Our custom embedding model uses a 12-dimensional feature vector where:
- Some fields are binary (0/1)
- Some are encoded as integers (0–255) based on domain-specific lookups (e.g., color IDs, size ranks)



## 🧢 FashionVectorizer: Domain-Specific Vector Encoder for Retail Search

The `FashionVectorizer` class is a utility that converts fashion catalog data and user search descriptions into 12-dimensional semantic vectors. These vectors are designed for **clothing and shoe product indexing, similarity search, and recommendation systems**.
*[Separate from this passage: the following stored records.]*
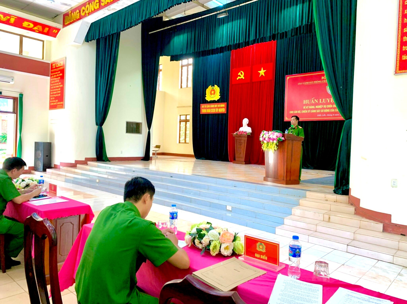 Thực hiện chỉ đạo của Bộ Công an về việc huấn luyện cơ bản kĩ năng nghiệp vụ chữa cháy và cứu nạn, cứu hộ cho CBCS thuộc lực lượng Cảnh sát cơ động và chiến sĩ nghĩa vụ mới năm 2023. Từ ngày 21/8 đến ngày 31/8/2023, Phòng Cảnh sát PCCC và CNCH - Công an tỉnh Đắk Lắk phối hợp với Trung tâm huấn luyện và ứng phó về PCCC và CNCH – Cục Cảnh sát PCCC và CNCH đã tổ chức huấn luyện cho 150 cán bộ, chiến sỹ Trung đoàn Cảnh sát cơ động Tây Nguyên thuộc Bộ Tư lệnh Cảnh sát cơ động tại phường Tân Hoà, thành phố Buôn Ma Thuột, tỉnh Đắk Lắk.
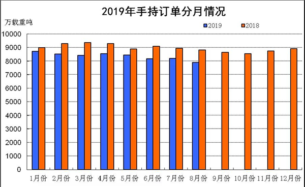 1~8月份,全國造船完工2594萬載重噸,同比增長6.7%。承接新船訂單1572萬載重噸,同比下降37.9%。8月底,手持船舶訂單7909萬載重噸,同比下降10.4%,比2018年底下降11.4%。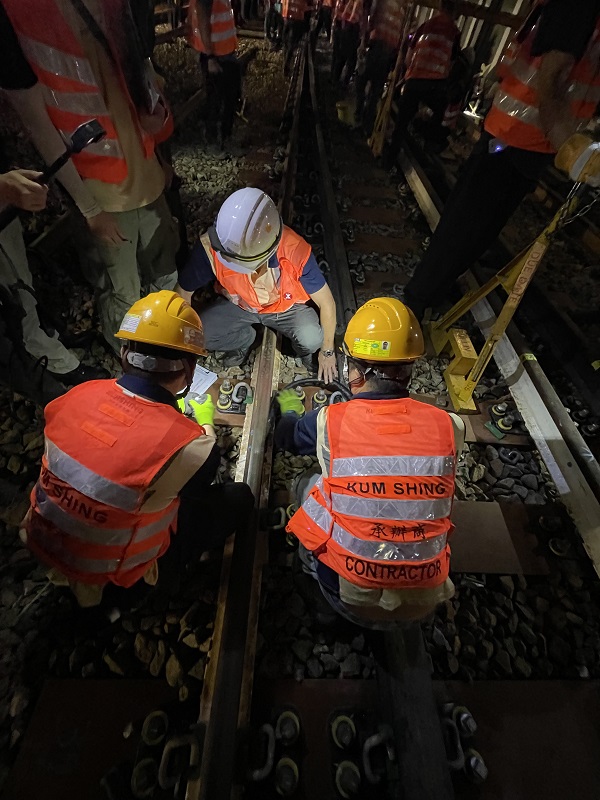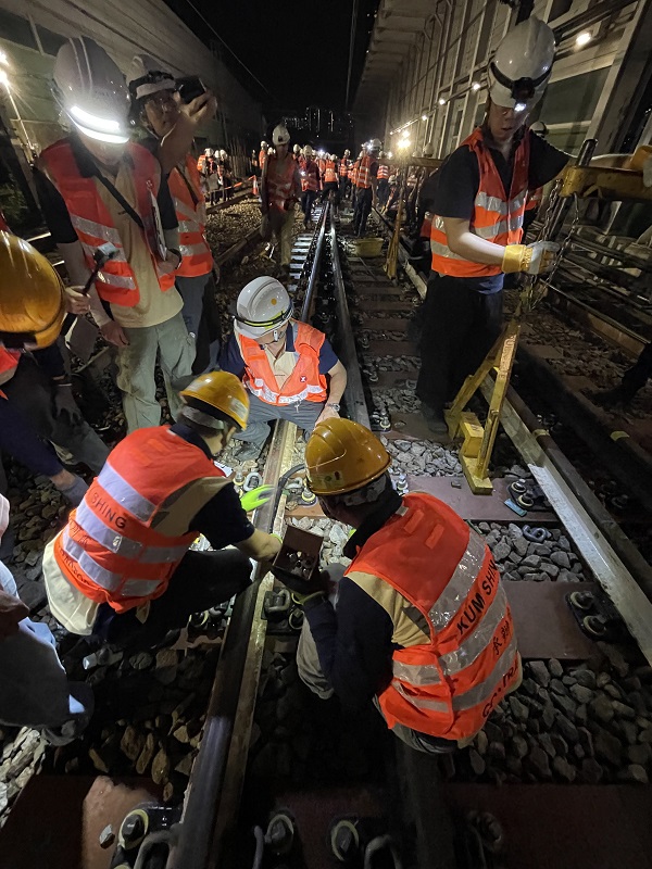 于刚过去的周六深夜,金城机电工程团队出动,为港铁东涌綫延綫路轨改道工程中的首个道岔安装进行路轨接续电线。 感谢港铁安排和乘客配合,相关工程顺利完成!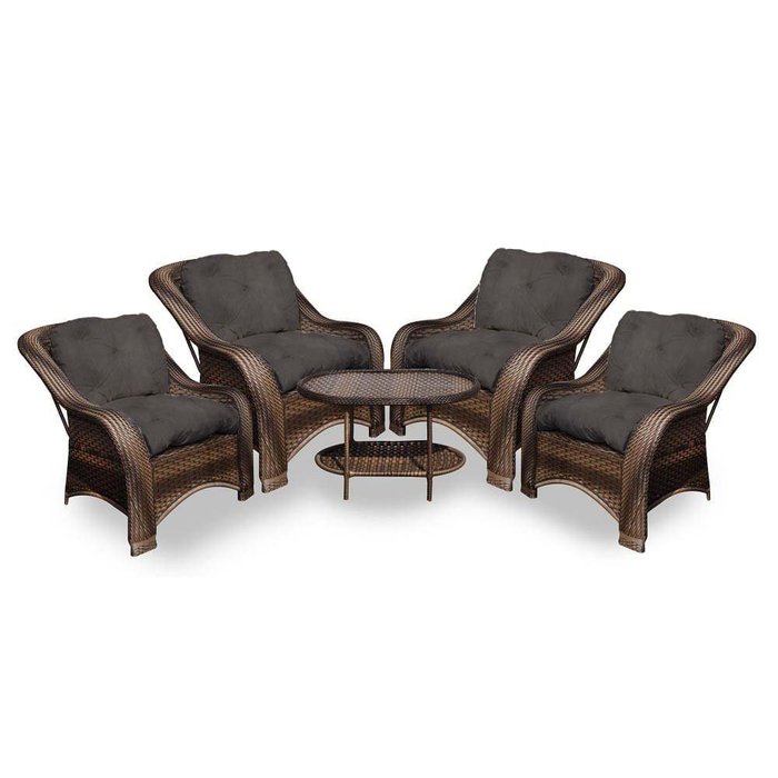 Conjunto de Poltronas Fibra Sintética Melo - 4 Poltronas + 1 Mesa Centro - Tecido Duna Marrom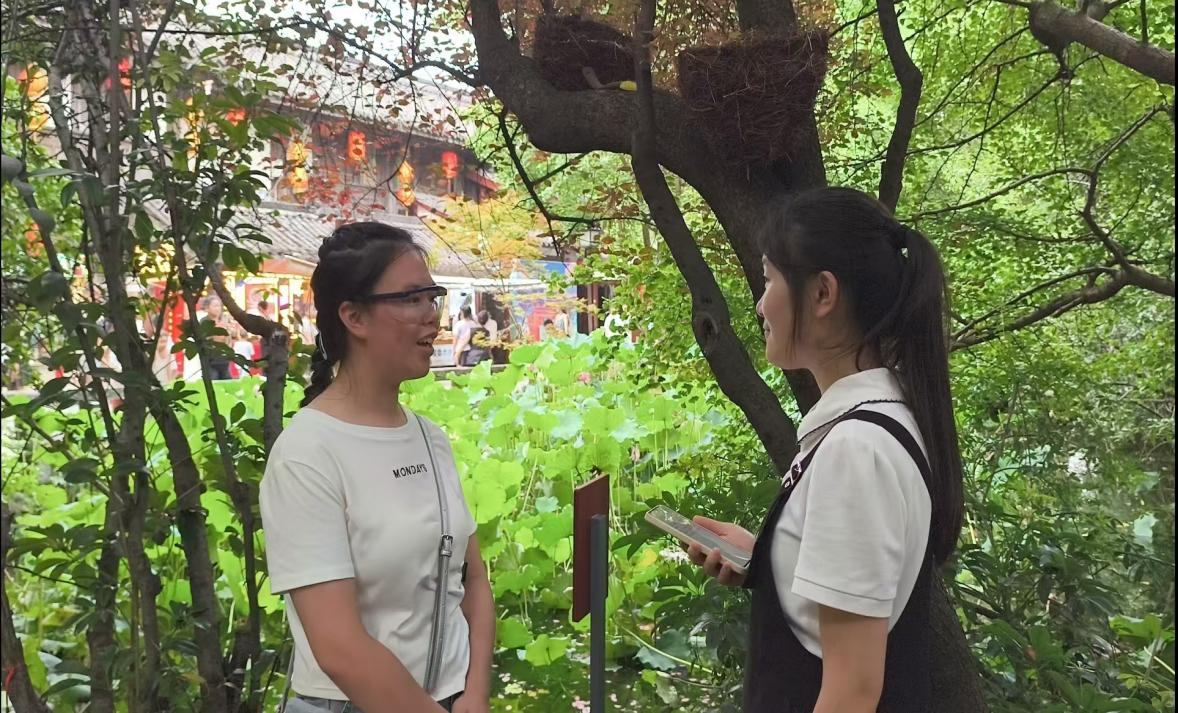 在古街走访过程中,团队随机访谈了几名游客。来自陕西的游客王先生表示:“锦里的三国文化氛围很浓,三义庙的碑刻和讲解让孩子直观了解了历史,这种‘边走边学’的形式比课本更生动。”但也有游客提出建议,重庆游客李女士认为:“部分商铺同质化严重,传统手工作坊展示不足,希望能增加更多互动体验项目,比如让游客亲手尝试蜀绣针法或糖画制作。” 这些不同声音为团队分析传统文化传播中的受众需求与改进方向提供了具体参考。
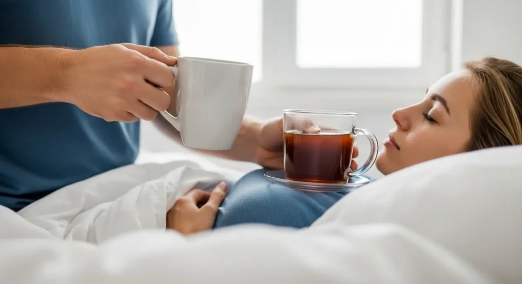 If she prefers tea, steep it for the correct amount of time before bringing it upstairs. Nobody likes a bitter, over-steeped cup of Earl Grey. Bring her a fresh cup the moment she opens her eyes.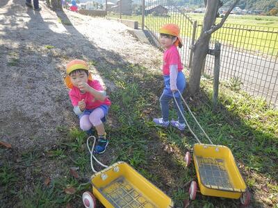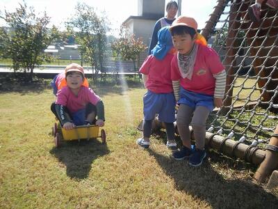 友達と一緒に気持ちの良い青空の下で遊び、笑顔がいっぱいでした。手押し車に友達をのせて引っ張ったり、くじら山で木の実を拾ったり、壁につたうカマキリをじっと眺めるなどして、友達との会話も弾んでいました。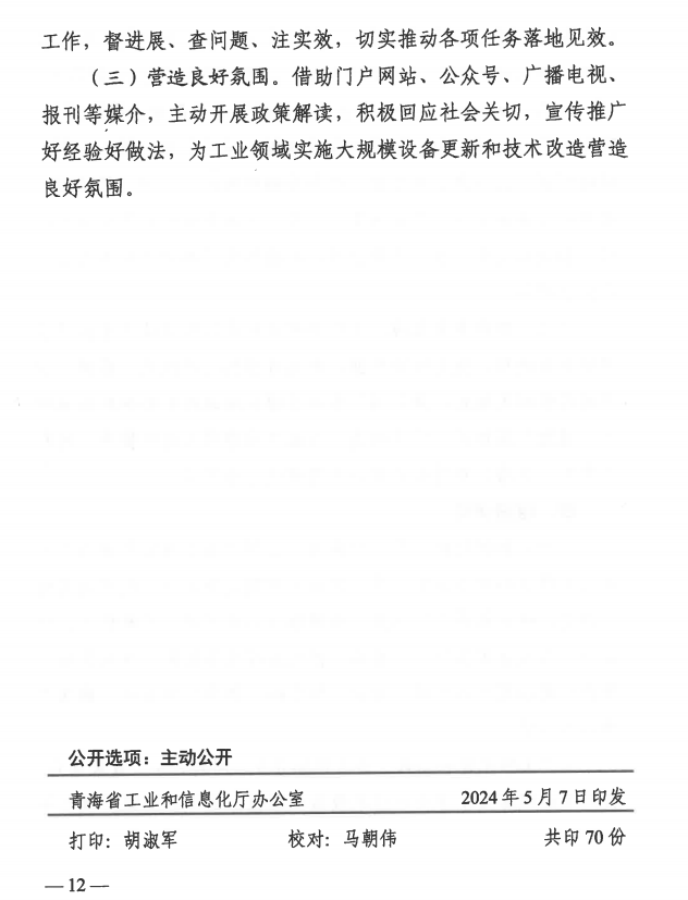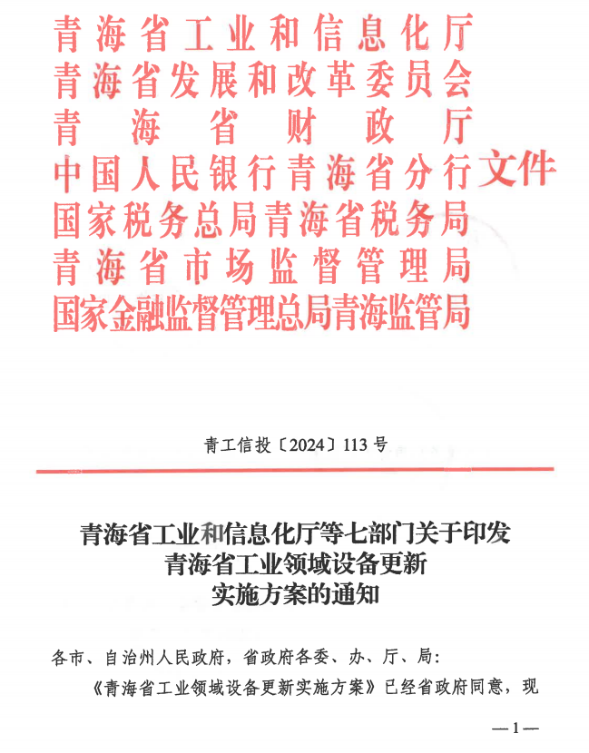 日前,青海省工業(yè)和信息化廳等七部門關(guān)于印發(fā)青海省工業(yè)領(lǐng)域設(shè)備更新實施方案的通知。

This approach enables **interpretable, explainable embeddings** with both binary and integer values reflecting domain-specific features like color, size, material, weather resistance, and use case.

---

### 🧬 Vector Schema (12 Dimensions)

| Dim | Feature                     | Type     | Notes                                                   |
|-----|-----------------------------|----------|----------------------------------------------------------|
| 0   | Is footwear                 | binary   | 1 = shoes, boots, sneakers                               |
| 1   | Is outerwear                | binary   | 1 = jacket, coat                                         |
| 2   | For kids                    | binary   | based on 'target' field or query context                |
| 3   | Waterproof                  | binary   | 1 = water resistant gear                                 |
| 4   | Use case code               | integer  | 0 = casual, 1 = formal, 2 = sport, 3 = workwear          |
| 5   | Color code                  | integer  | Based on lookup table (0–255)                            |
| 6   | Size code                   | integer  | XS–XL mapped to range (80–230)                           |
| 7   | Has memory foam insole      | binary   | comfort enhancement, mostly in shoes                    |
| 8   | Insulated/thermal lining    | binary   | relevant for winter gear                                |
| 9   | Oversized                   | binary   | relaxed fit style                                        |
| 10  | Denim/jeans-style           | binary   | checks for 'denim' in material or query text             |
| 11  | Brand popularity score      | integer  | default = 50, range 0–100 (manual or learned ranking)    |

---

### ✅ Methods

- `json_to_vector(item_dict)`  
  Converts a catalog JSON line to a 12-dimensional embedding.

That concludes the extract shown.